- WORK INSTRUCTIONS
The expected output is an exact copy of the lines from the one containing "(3) ما بين القوسين" to the final line below, minus any pictures.

** SOURCE MATERIAL follows **

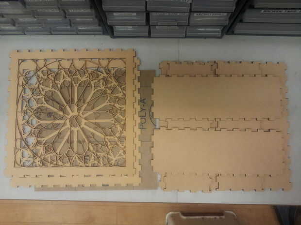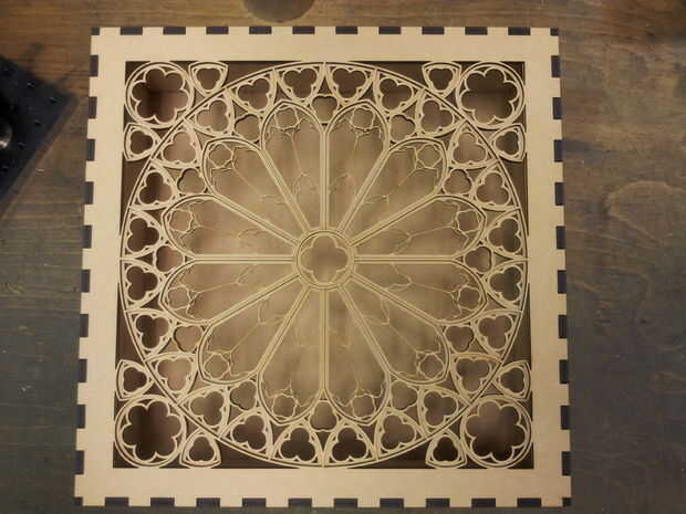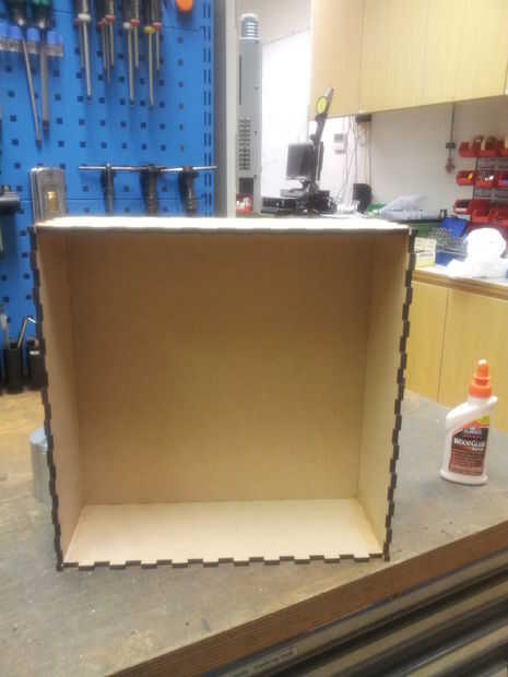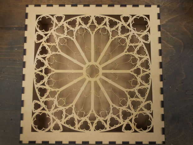Para esta build no había gran Asamblea requerida (una vista explotada de la Asamblea se muestra en la sección de diseño). En total hubo tres grandes paneles de madera (dos caras frontales y una cara posterior), cuatro paneles de madera pequeños (dos para los lados) y dos para la parte superior e inferior y finalmente una hoja de acrílico en forma de cuadrado. He optado por una secuencia de montaje ligeramente diferente de la rosa-ventana-temática-noche-luz.
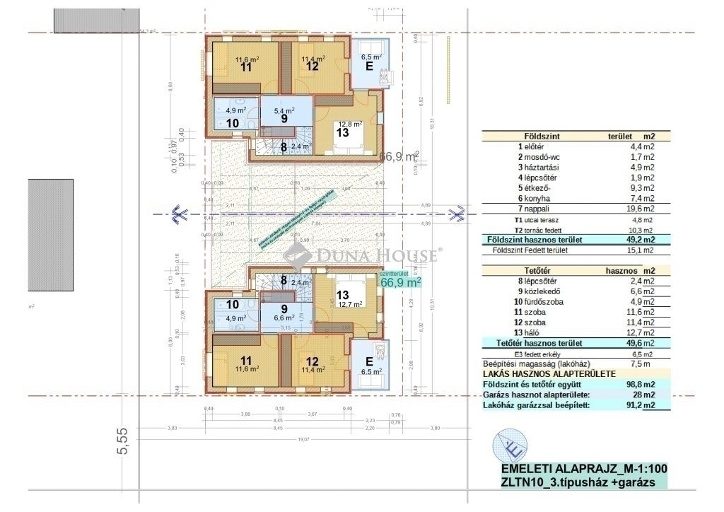 Az emelet három kényelmes méretű szobát kínál, melyekhez egy modern fürdőszoba tartozik WC-vel együtt. A szobákban több beépített szekrény kialakítására is lehetőség van. Ezen a szinten található egy 6,5 m²-es erkély, amely az egyik szobából közelíthető meg, kellemes kilátást és privát szabadtéri pihenőteret biztosítva.
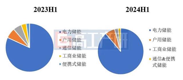 2023H1-2024H1中國(guó)儲(chǔ)能鋰電池出貨量(按細(xì)分領(lǐng)域,GWh)
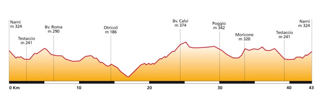 The starting point is the Rocca Albornoz, an ancient outpost built midway through the 14th century at the very highest part of the spur on which the town was constructed. From here, you descend towards the centre of Narni and then turn left towards Testaccio, a small village 2.5 km. further on. Carry on in the direction of Rome until you get to the junction with the SS3 (km. 6.5), and then turn left in the direction of Rome once again. Carry on along this undulating section of road until you get to km. 14, where you turn left towards the ancient town of Otricoli, famous for the archaeological zone of Ocricolum, the Roman town that arose along the Tiber in the vicinity of the Porto dell’Olio, the ruins of which mostly date from the Augustine age.
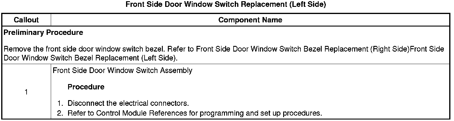 Front Side Door Window Switch Replacement (Left Side)
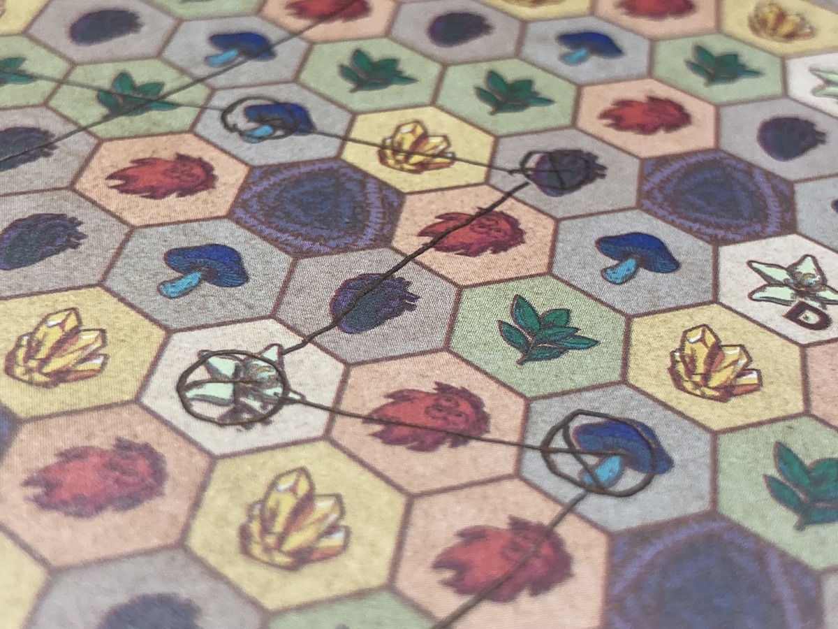 「ポーションポットトレイル」はダイスの目に沿って、専用シートに線や丸を記入しながら進めていく紙ペン系のボードゲームです。
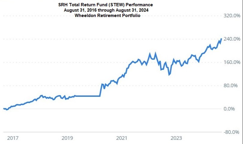 Our broadly diversified portfolio has included Buffett’s results for many years now. We proudly own Berkshire through the closed end investment company SRH Total Return Fund (STEW) which holds both Berkshire as well as many of the individual companies in the Berkshire portfolio. Using my and Jeannie’s retirement portfolio as a proxy, STEW returned 242 percent (before management fees) for the eight-year period ended August 31, 2024; including a year-to-date return of almost eight percent. Nearly all managed client portfolios include a meaningful allocation of STEW. Laura has included the STEW eight-year blue line graph for reference.
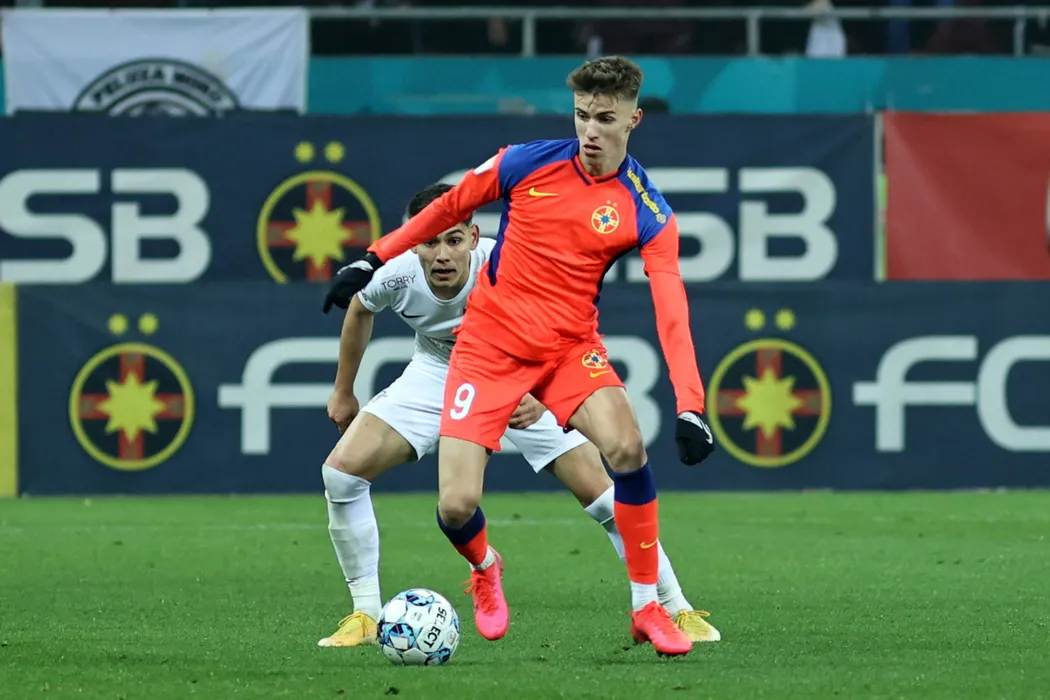 Octavian Popescu, de la FCSB, suteaza in timpul meciului de fotbal contra echipei Rapid din etapa a XX-a a Ligii 1, disputat pe Arena Nationala din Bucuresti, miercuri, 15 decembrie 2021. GEORGE FILIP / MEDIAFAX FOTO
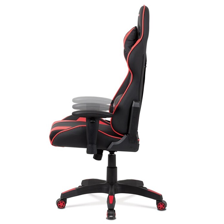 Kancelářská židle KA-F03 RED je vybavena houpacím mechanismem, který umožňuje plynulé naklápění opěradla v rozsahu od 90° a zajišťuje tak pohodlné sezení i při delší práci. Čalounění z kombinace černé a červené ekokůže nabízí snadnou údržbu a kvalitní zpracování povrchu, který je příjemný na dotek a odolný vůči běžnému opotřebení. Plastový kříž zajišťuje stabilitu a lehkost celé židle, zatímco 1D područky umožňují nastavení výšky. Výškově nastavitelný sedák přispívá k ergonomii a přizpůsobení individuálním potřebám uživatele. Celková konstrukce je navržena pro dlouhou životnost a komfortní užívání v domácím i kancelářském prostředí.
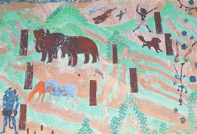 東漢應(yīng)劭在《風(fēng)俗通義·祀典》中寫道:“臘者,獵也,言田獵取獸以祭祀先祖也?;蛟唬?lsquo;臘者’接也,新故交接,故大祭以報(bào)功也。”意思是說一年中最后一個(gè)月是古人用來(lái)狩獵的月份,而狩獵所獲的獵物會(huì)被風(fēng)干做成臘肉來(lái)祭祀祖先。這個(gè)月也被叫作“獵月”或是“臘月”。據(jù)《禮記·月令》記載,在秋季的最后一個(gè)月舉行田獵,借此機(jī)會(huì)教民戰(zhàn)陣,練習(xí)五種兵器的使用,并頒布乘馬的政令。獵畢,命令主管祭祀的官員,用獵獲的鳥獸祭祀四方之神。在莫高窟第249窟壁畫中有一幅“行獵圖”:畫面上都是些體形巨大的動(dòng)物,有體態(tài)矯健的猛虎、疾馳駿逸的鹿群等。還有在奔馳的駿馬上拈弓搭箭窮追不舍的獵人、在飛奔的駿馬上淡定轉(zhuǎn)身從容射虎的獵人。整個(gè)畫面既緊張又靜謐美好,使人不由得對(duì)畫師精湛的技藝心悅誠(chéng)服。
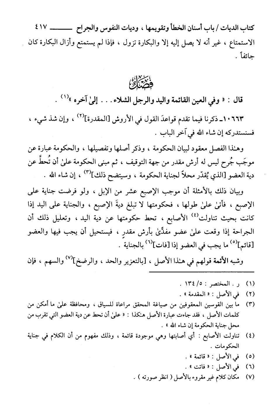 (3) ما بين القوسين المعقوفين من صياغة المحقق مراعاة للسياق، ومحافظة على ما أمكن من كلمات الأصل، فقد جاءت عبارة الأصل هكذا: "على أن تحط عن دية العضو التي تقرب من محل جناية الحكومة إن شاء الله".
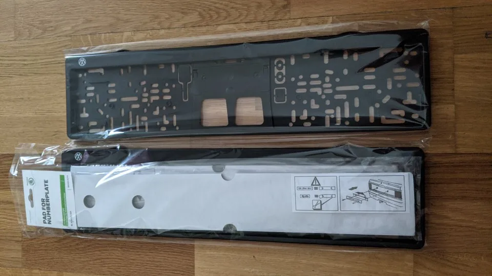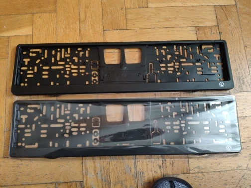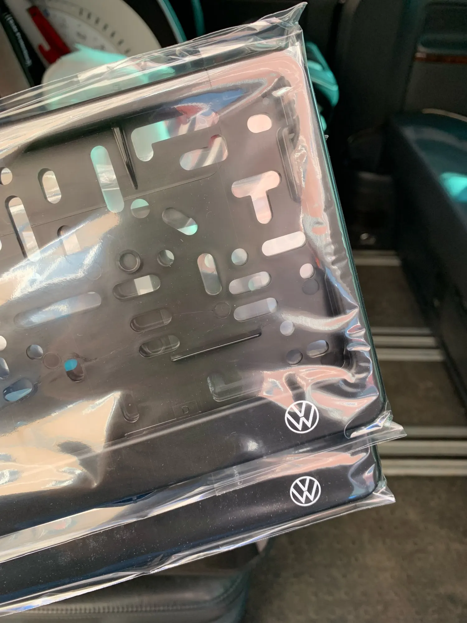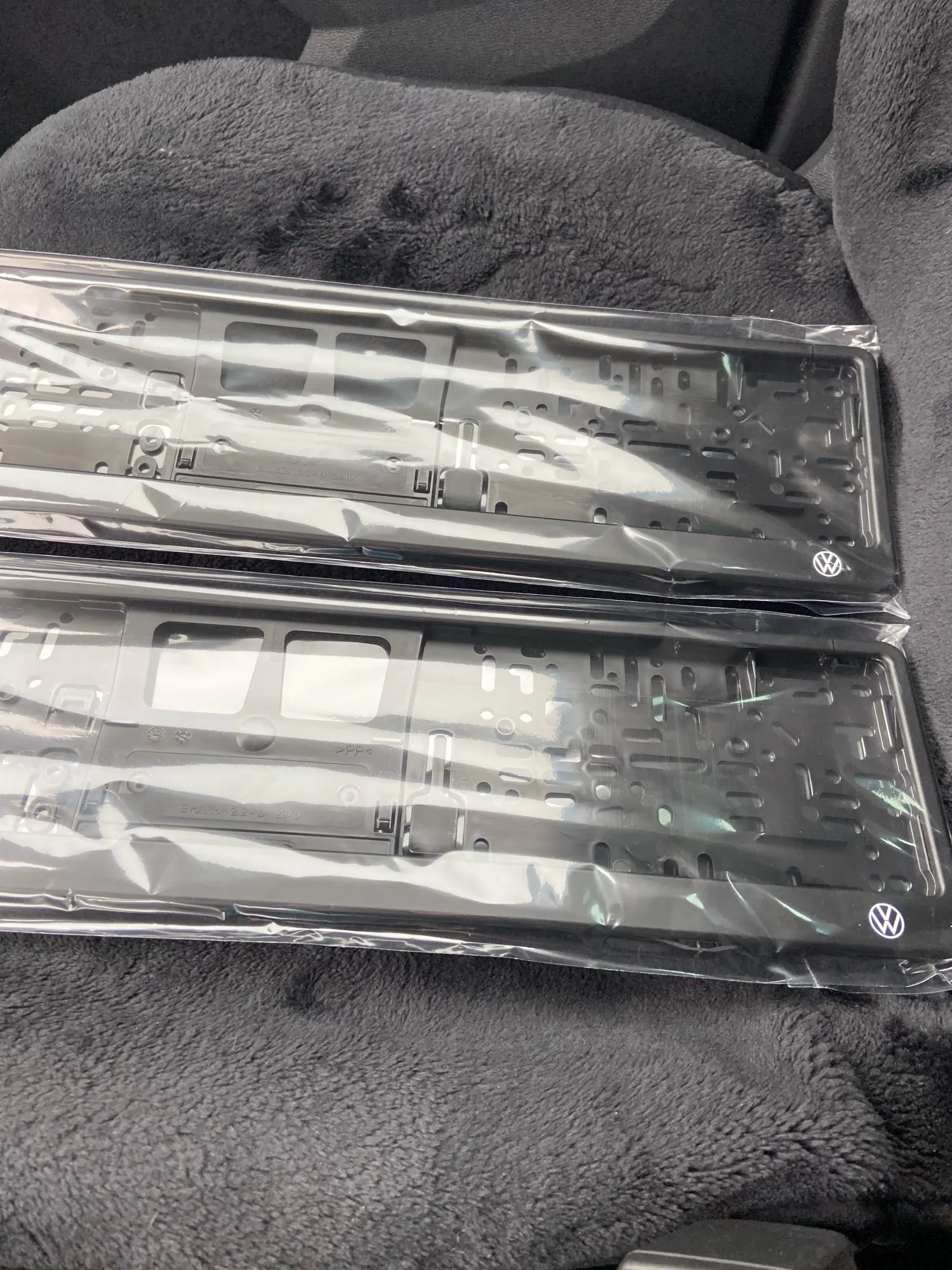 Не оригинальные это VW рамки. Простые пластиковые копии. Чуть лучше чем бесплатные с салона. Также дребезжит в них номер, поэтому проклеил двусторонним скотчем. Даже места под гайки в пластсмассе нет. Так себе.
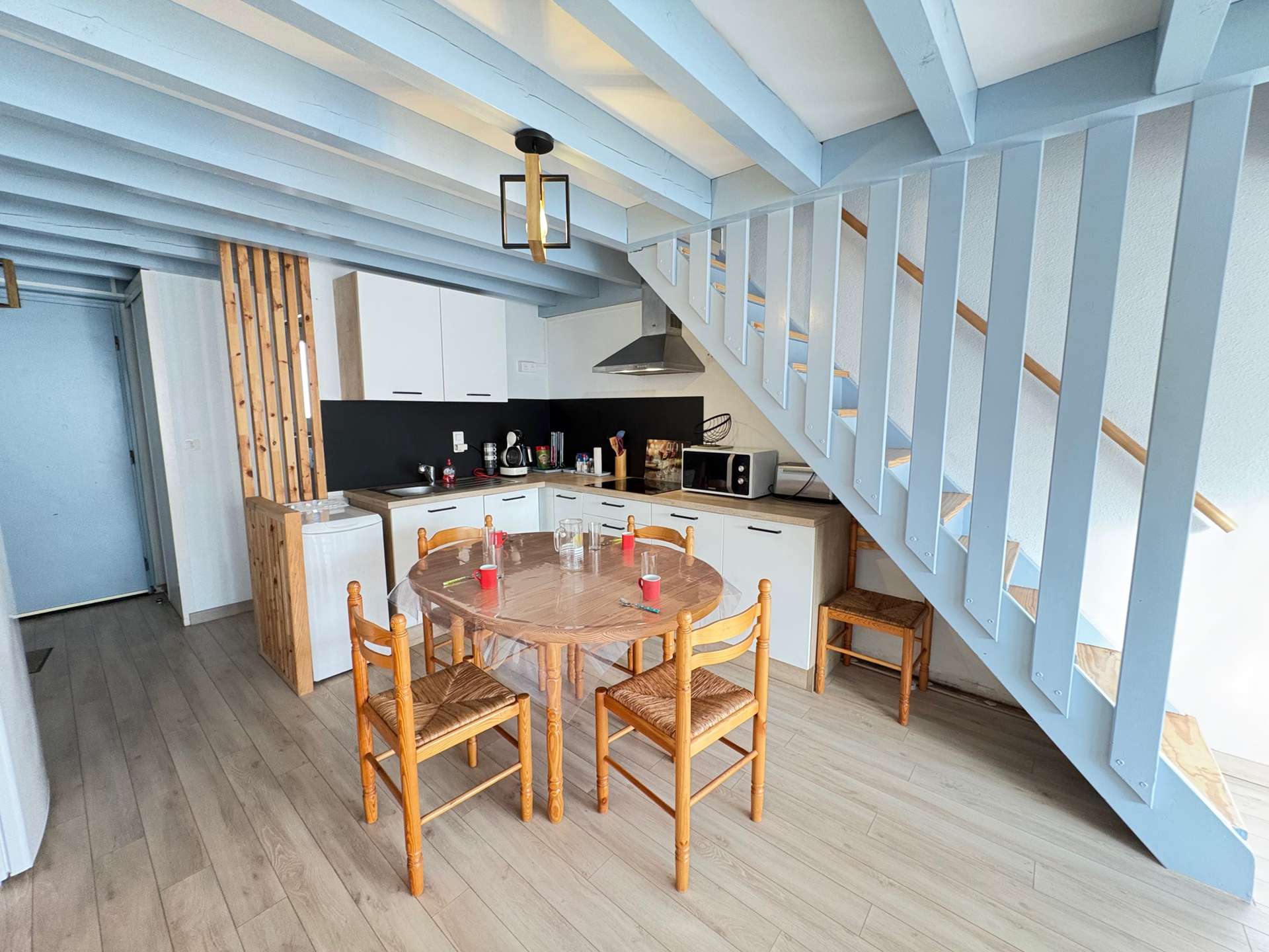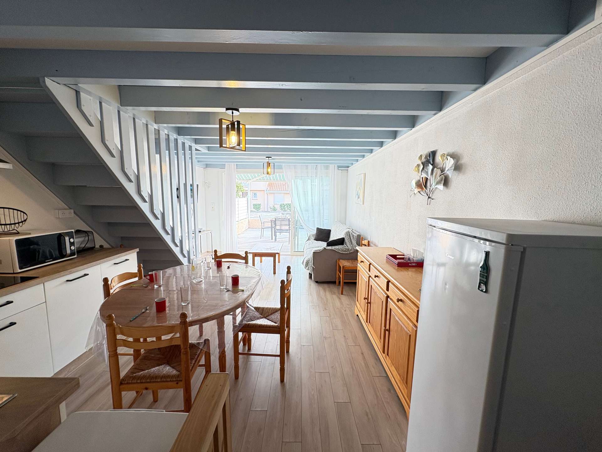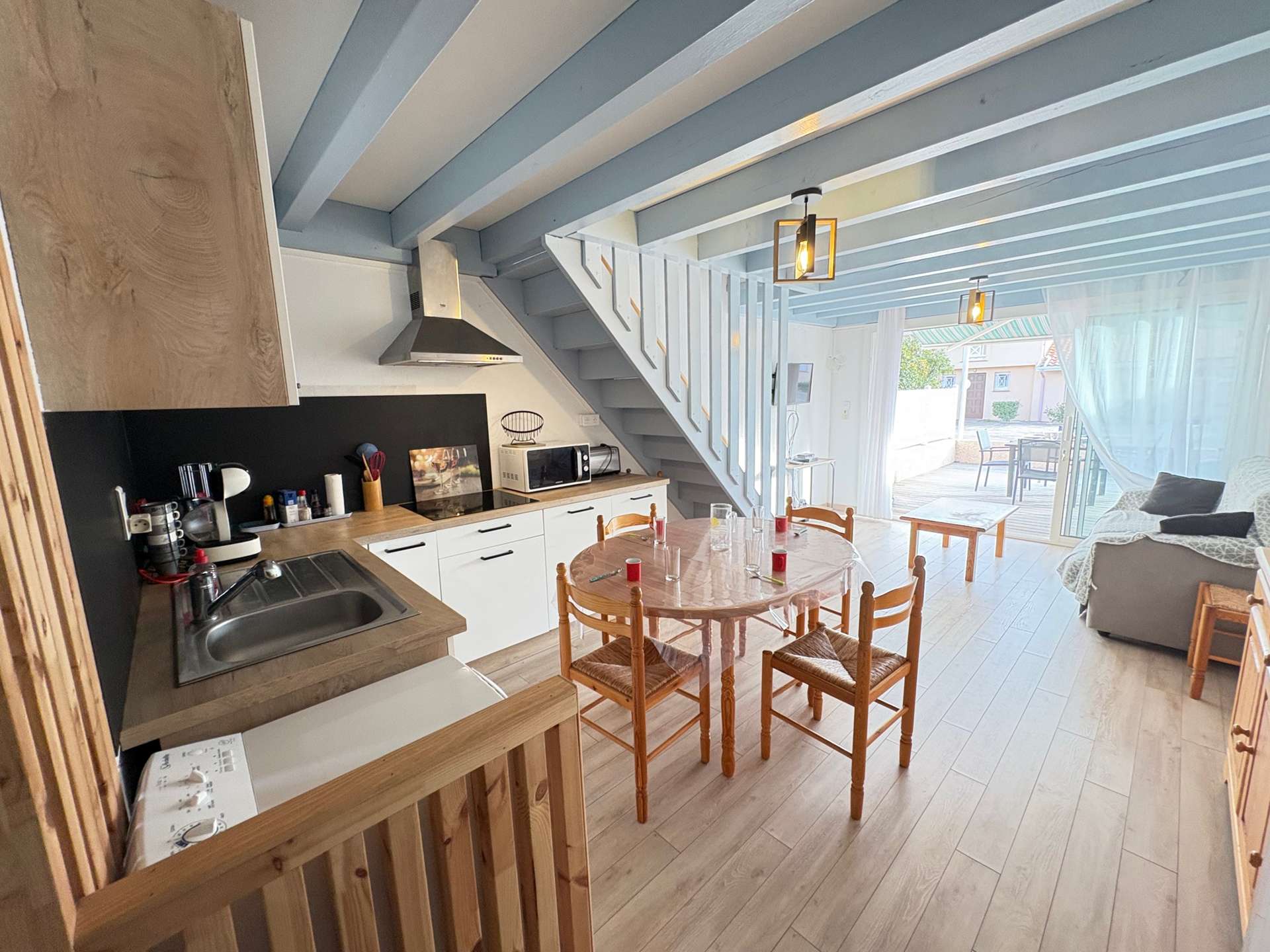 Elle se compose d’une pièce à vivre une cuisine entièrement équipée comprenant un réfrigérateur/congélateur, machine à café KRUPS, bouilloire… un coin salle à manger avec une table et une partie salon.

** End of SOURCE MATERIAL **

- RESPONSE BELOW
 (3) ما بين القوسين المعقوفين من صياغة المحقق مراعاة للسياق، ومحافظة على ما أمكن من كلمات الأصل، فقد جاءت عبارة الأصل هكذا: "على أن تحط عن دية العضو التي تقرب من محل جناية الحكومة إن شاء الله".
 Не оригинальные это VW рамки. Простые пластиковые копии. Чуть лучше чем бесплатные с салона. Также дребезжит в них номер, поэтому проклеил двусторонним скотчем. Даже места под гайки в пластсмассе нет. Так себе.
 Elle se compose d’une pièce à vivre une cuisine entièrement équipée comprenant un réfrigérateur/congélateur, machine à café KRUPS, bouilloire… un coin salle à manger avec une table et une partie salon.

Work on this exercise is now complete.